------ DATA SEGMENT

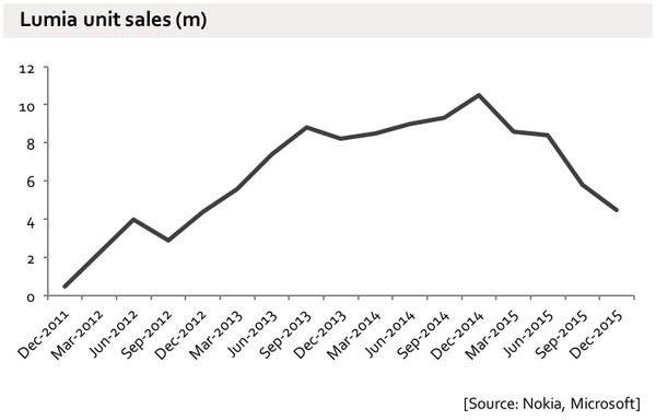 خلال الفترة من بداية 2011 حتي نهاية 2015 باعت مايكروسوفت 110 مليون جهاز ويندوز فون بينما في نفس الفترة باعت أندرويد وiOS حوالي 4.5 مليار جهاز
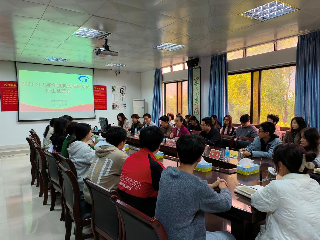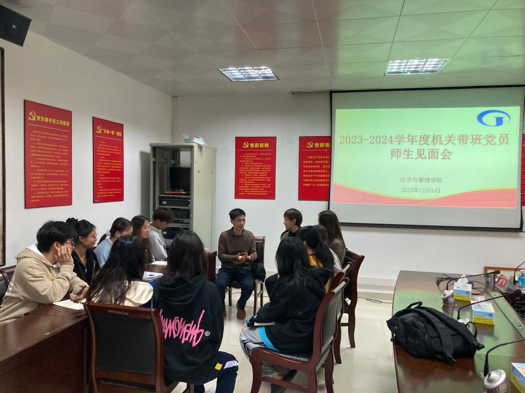 【经管公司 讯】为加强党员服务管理模式,增强党员联系服务基层和育人的有效途径,EMC易倍围绕“党建育才工程”,于2023年12月6日下午16:30在办公楼501室召开2023-2024学年度机关带班党员师生见面会。会议由年级辅导员叶青主持,党委副书记颜春萍、班主任王一和李力,机关带班党员周友良、蔡树培、肖文标及22国贸1班、22投资1班、22人资2班班委46人参加。
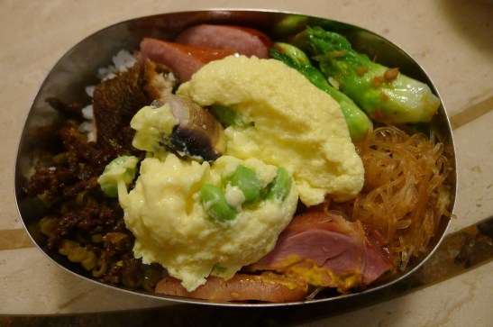 白飯+蛤蠣毛豆蒸蛋+酸豆角肉末+煎香腸+娃娃菜+德國豬腳+冬粉

------------

Print every line of the listing exactly, please, and leave the images out.

YOUR SOLUTION
 خلال الفترة من بداية 2011 حتي نهاية 2015 باعت مايكروسوفت 110 مليون جهاز ويندوز فون بينما في نفس الفترة باعت أندرويد وiOS حوالي 4.5 مليار جهاز
 【经管公司 讯】为加强党员服务管理模式,增强党员联系服务基层和育人的有效途径,EMC易倍围绕“党建育才工程”,于2023年12月6日下午16:30在办公楼501室召开2023-2024学年度机关带班党员师生见面会。会议由年级辅导员叶青主持,党委副书记颜春萍、班主任王一和李力,机关带班党员周友良、蔡树培、肖文标及22国贸1班、22投资1班、22人资2班班委46人参加。
 白飯+蛤蠣毛豆蒸蛋+酸豆角肉末+煎香腸+娃娃菜+德國豬腳+冬粉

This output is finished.